The central theme that ‘the ceremony of innocence is drowned’ relies on the audience’s belief that the ghosts are a corrupting force as well as that the innocent children are corruptible. Despite their clear, strong voices, the employment of an adult (Moira Loh) as Flora and a female (Ashley Chua, now at the School of the Arts), both taller than their adult counterparts, played havoc visually, and made their shenanigans in ‘Tom, Tom the Piper’s Son’ feel odd, with Flora’s outbursts coming across more petulant than understandably childlike. In the role of Miles, the vocal frailty of a boy treble is not always a liability, as it lends to the innocence of the character.

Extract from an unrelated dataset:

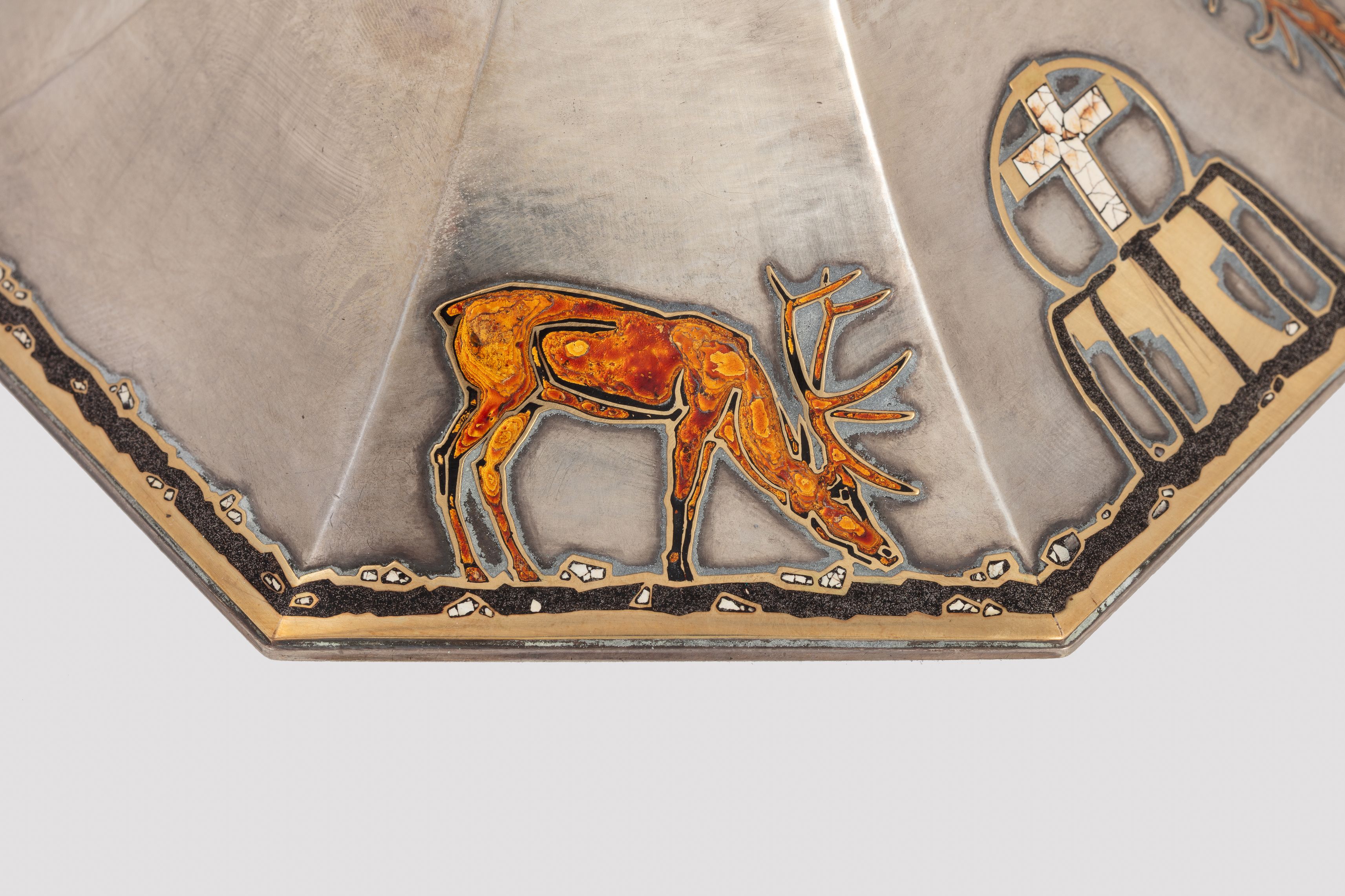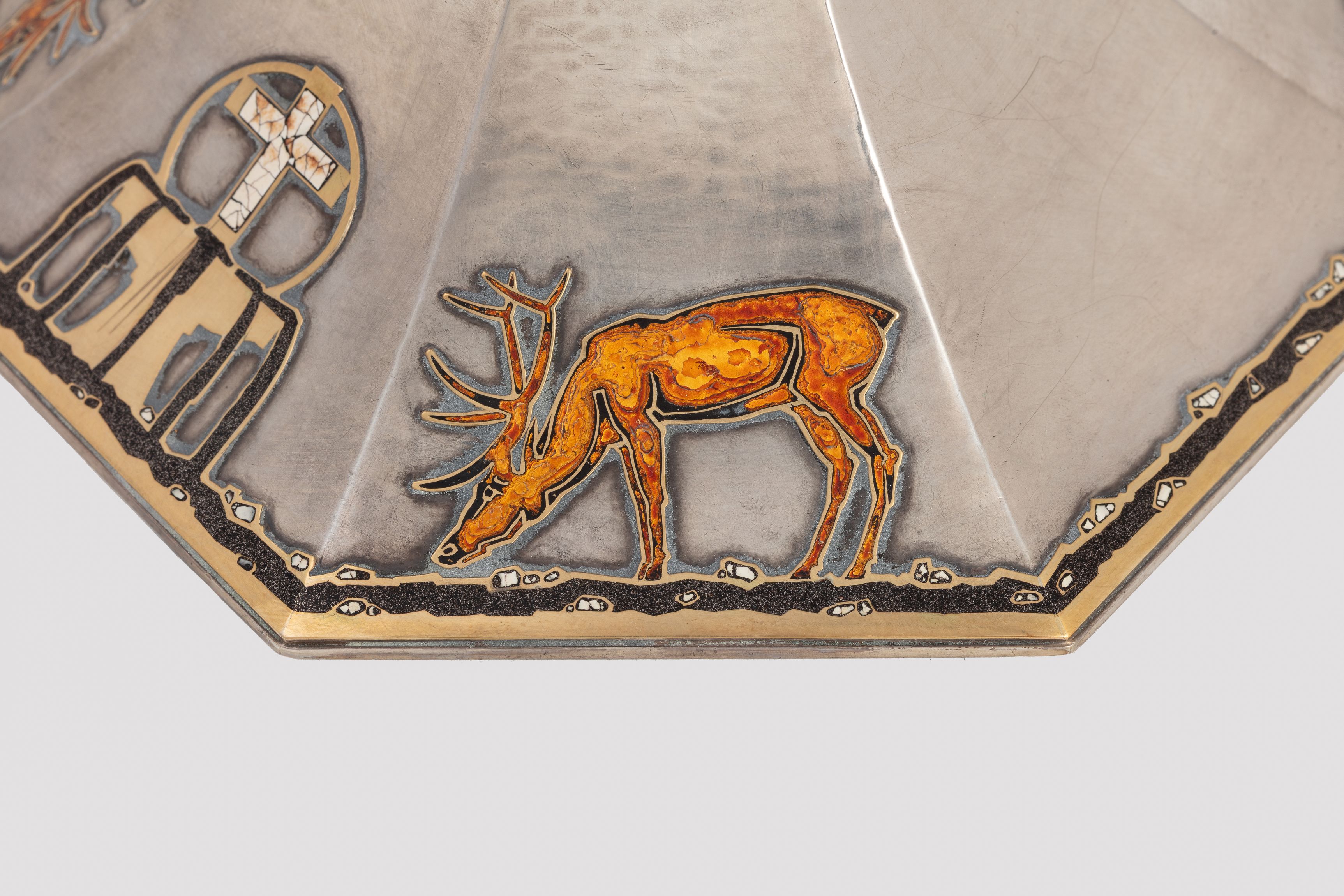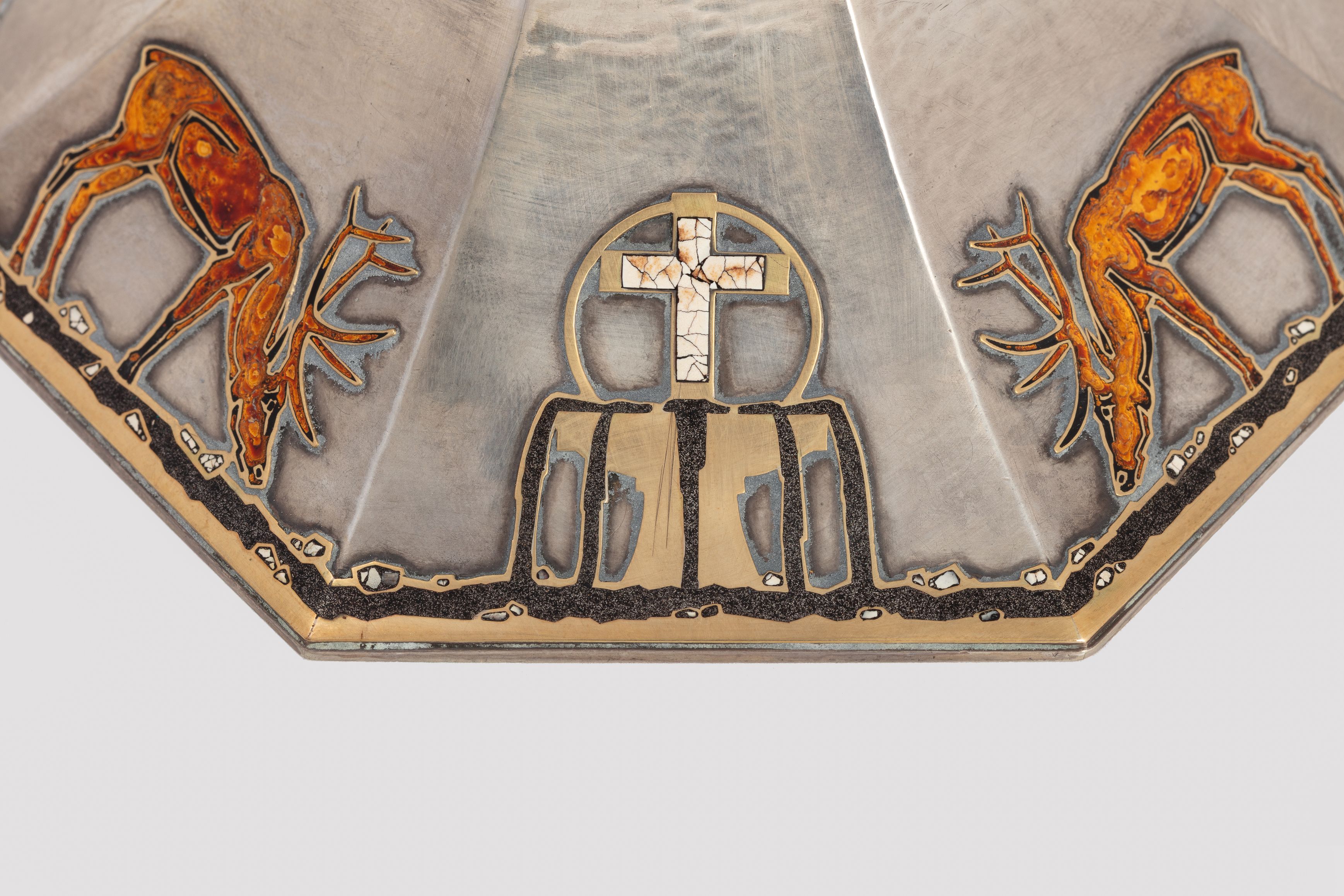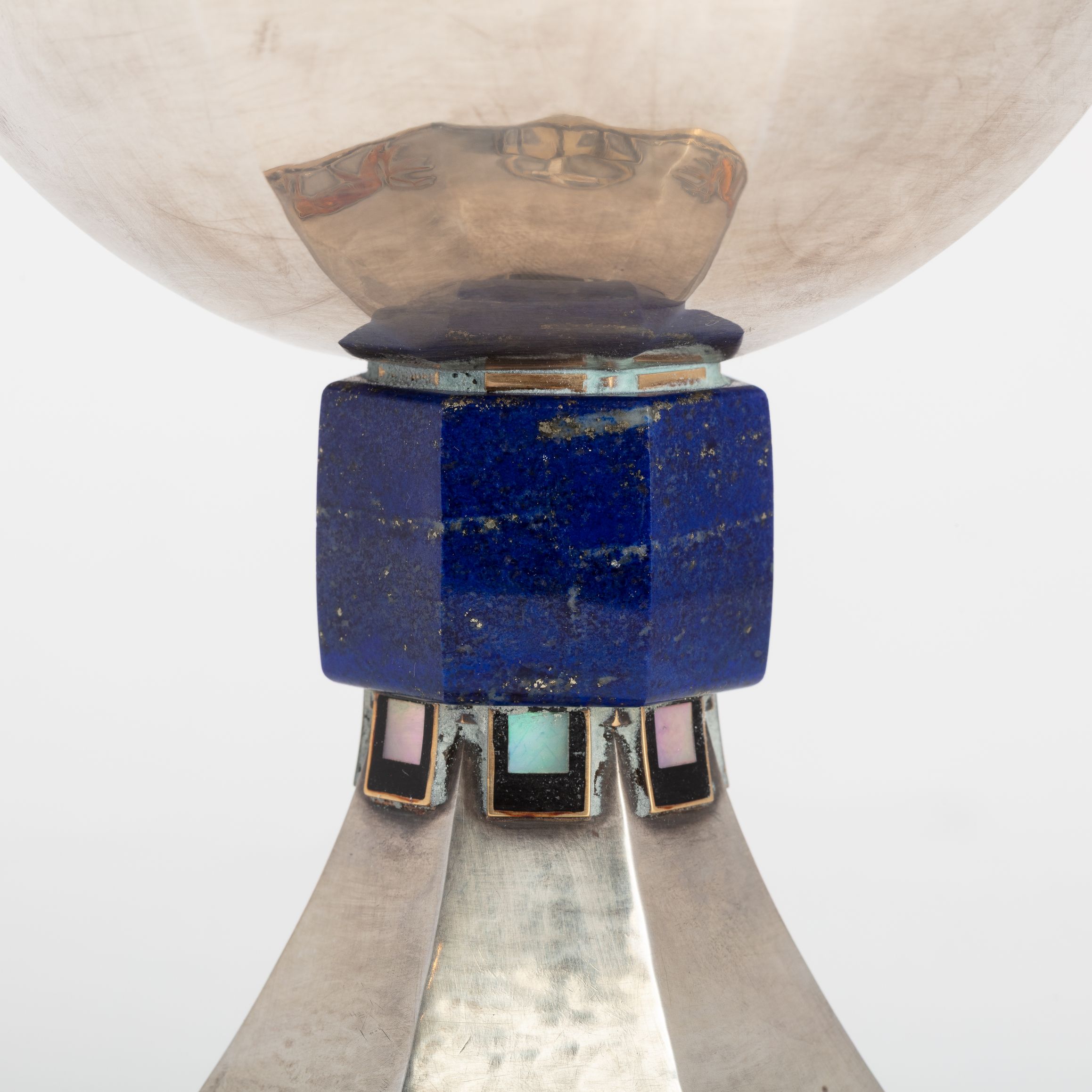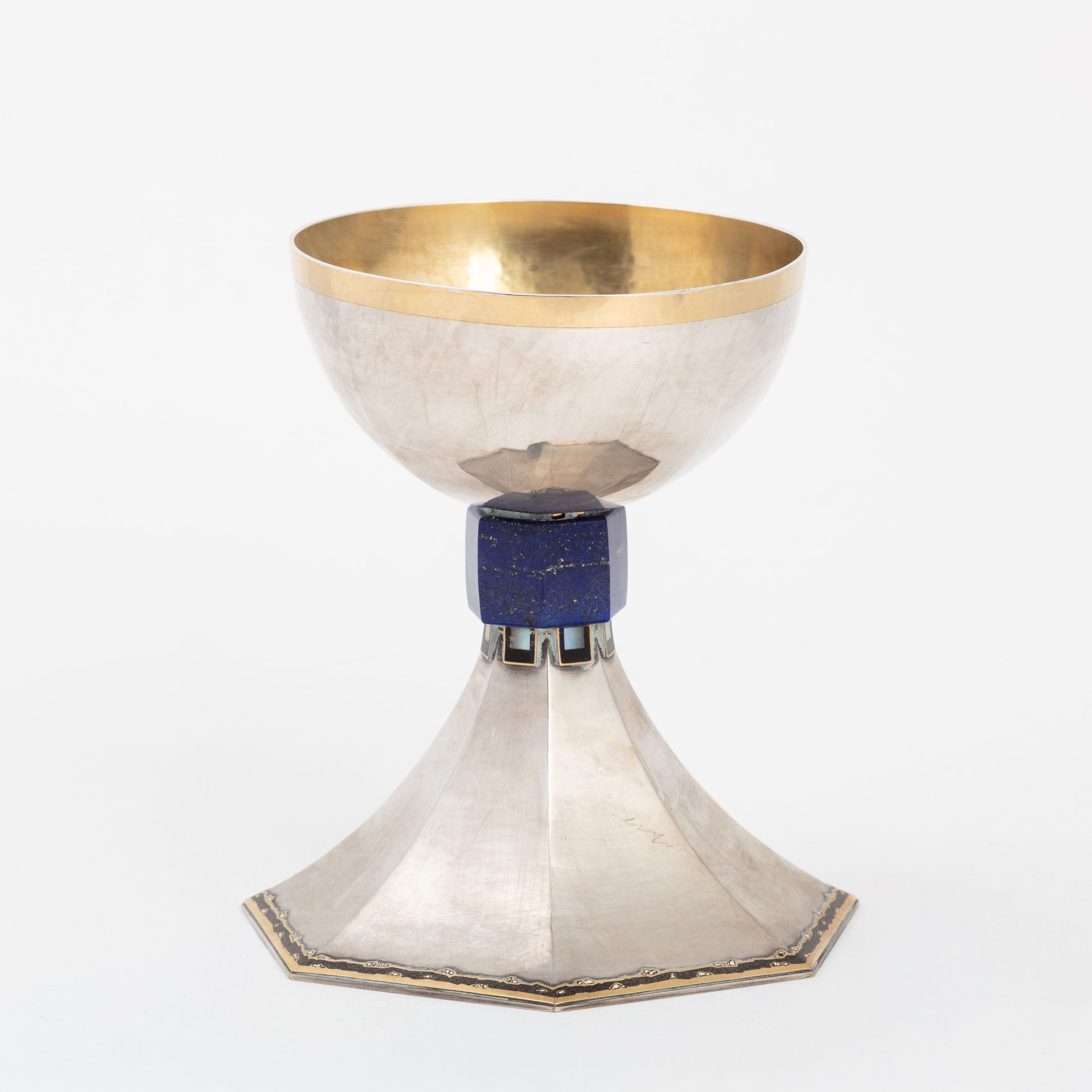 Deze kelk zou door Holemans zijn gemaakt voor kanunnik Théophile Joseph Barette, de eerste pastoor van de Nationale Basiliek van Koekelberg. De versiering is sober, de verhouding tussen de esthetiek en de verscheidenheid aan gebruikte materialen is evenwichtig. De rondingen zijn strak en de vormen nauwkeurig en verfijnd, waardoor het object perfect leesbaar blijft. Lapis lazuli, een steen die bekend staat om zijn zeer uitgesproken blauwe pigment, wordt gebruikt voor de knoop van de kelk, net zoals malachiet bij andere heilige vazen die gemaakt zijn door Holemans. Onder de knoop bevindt zich een fries van kleine vierkante parelmoeren cabochons. Het motief op de voet – twee herten die drinken uit een fontein – wordt door Holemans in verschillende van zijn werken hergebruikt. Om aan de groeiende vraag te voldoen, ontwikkelt de edelsmid namelijk een repertoire en verwisselbare modellen die van het ene werk naar het andere kunnen worden hergebruikt, maar toch individueel aanpasbaar blijven. De waterbron, met daarboven het kruis, is een symbool van leven. Het stromende water vormt een rand die de hele omtrek van de zevenhoekige voet benadrukt. De silhouetten van de herten zijn gelakt en het kruis bestaat uit fragmenten van eierschalen. De ronding van de schaal wordt gemarkeerd door licht uitstekende randen die die van de voet verlengen. De binnenkant van de schaal, in verguld zilver, is gehamerd.

Ashley Chua’s slightly boyish voice made up for this with a greater vocal resilience, which came through in passages such as the famous ‘Malo, malo’.

Taken as a production, this performance was an unqualified success, with excellent musical contributions from everyone involved, and everyone working well together to create a gripping theatrical experience. Even with the above reservations, this was a production which surprised in its general maturity, given that New Opera Singapore is all of four years old. Where will they go next? I don’t know, but this production has made me excited to find out.